PROBLEM STATEMENT
Return the listing below exactly as it stands. Pictures stay out.

(RECORDED INFORMATION)

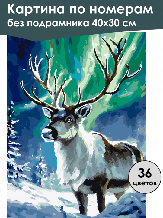 Картина по номерам без подрамника, размер 40х30 см, произведена нами. Она включает 40 оттенков и 1609 контуров, что придаёт ей глубину цвета и плавные переходы. Картина выглядит более ярко и живо. В комплект входит глянцевый лак, которым можно покрыть работу по желанию. Краски имеют хорошую укрывистость, хватает двух проходов что бы закрасить символы на схеме. Так же они сохраняют текстуру мазков, не растекаясь и не разглаживаясь полностью на холсте. При покрытии глянцевым лаком создаётся эффект приближенный к масляной живописи. Краски упакованы герметично, что сохраняет их жидкими. Все необходимые инструменты для начала работы также входят в комплект. Мы не используем экосольвентные чернила, которые содержат свинец и могут быть вредны для здоровья. Наши картины напечатаны безопасными водными пигментными чернилами, обеспечивающими чёткое изображение и легко читаемые обозначения. Холст плотный, имеет мелкую зернистость, легко разглаживается и устойчив к сминанию. Картина поставляется в бурой коробке. Следует отметить, что картина без подрамника её нельзя натянуть на подрамник из-за узких краёв, она предназначена для оформления в рамочку. Северный олень с величественными рогами на фоне зимнего пейзажа, окружённого заснеженными деревьями, с яркими зелёно-голубыми оттенками северного сияния на небе.
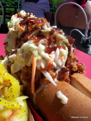 I’m sorry, but I was there a couple of weeks ago, and I must say that I am not very fond of that BBQ Pull Pork Coleslaw hotdog. The pork tasted undercooked, and I had to sweep all of it off of the hot dog. On top of that, some joker cut the bun all the way through, so everything went right through the dog as I picked it up and it went SPLAT all over my plate.
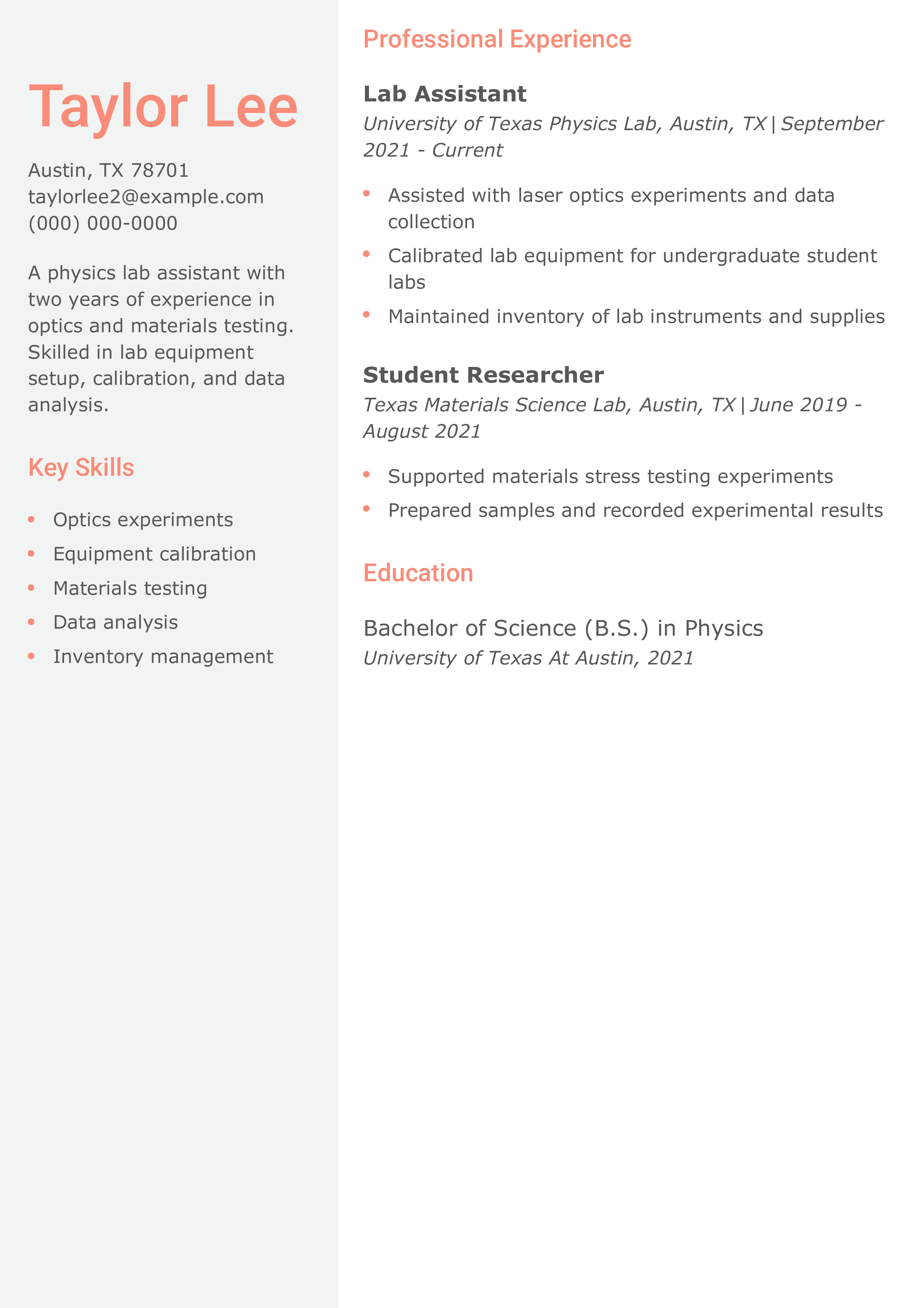 This resume is strong because it demonstrates hands-on lab skills and connects academic research to applied physics experiments. For formatting help, see best font for a resume.

(End RECORDED INFORMATION)

ANSWER TO THIS EXERCISE
 Картина по номерам без подрамника, размер 40х30 см, произведена нами. Она включает 40 оттенков и 1609 контуров, что придаёт ей глубину цвета и плавные переходы. Картина выглядит более ярко и живо. В комплект входит глянцевый лак, которым можно покрыть работу по желанию. Краски имеют хорошую укрывистость, хватает двух проходов что бы закрасить символы на схеме. Так же они сохраняют текстуру мазков, не растекаясь и не разглаживаясь полностью на холсте. При покрытии глянцевым лаком создаётся эффект приближенный к масляной живописи. Краски упакованы герметично, что сохраняет их жидкими. Все необходимые инструменты для начала работы также входят в комплект. Мы не используем экосольвентные чернила, которые содержат свинец и могут быть вредны для здоровья. Наши картины напечатаны безопасными водными пигментными чернилами, обеспечивающими чёткое изображение и легко читаемые обозначения. Холст плотный, имеет мелкую зернистость, легко разглаживается и устойчив к сминанию. Картина поставляется в бурой коробке. Следует отметить, что картина без подрамника её нельзя натянуть на подрамник из-за узких краёв, она предназначена для оформления в рамочку. Северный олень с величественными рогами на фоне зимнего пейзажа, окружённого заснеженными деревьями, с яркими зелёно-голубыми оттенками северного сияния на небе.
 I’m sorry, but I was there a couple of weeks ago, and I must say that I am not very fond of that BBQ Pull Pork Coleslaw hotdog. The pork tasted undercooked, and I had to sweep all of it off of the hot dog. On top of that, some joker cut the bun all the way through, so everything went right through the dog as I picked it up and it went SPLAT all over my plate.
 This resume is strong because it demonstrates hands-on lab skills and connects academic research to applied physics experiments. For formatting help, see best font for a resume.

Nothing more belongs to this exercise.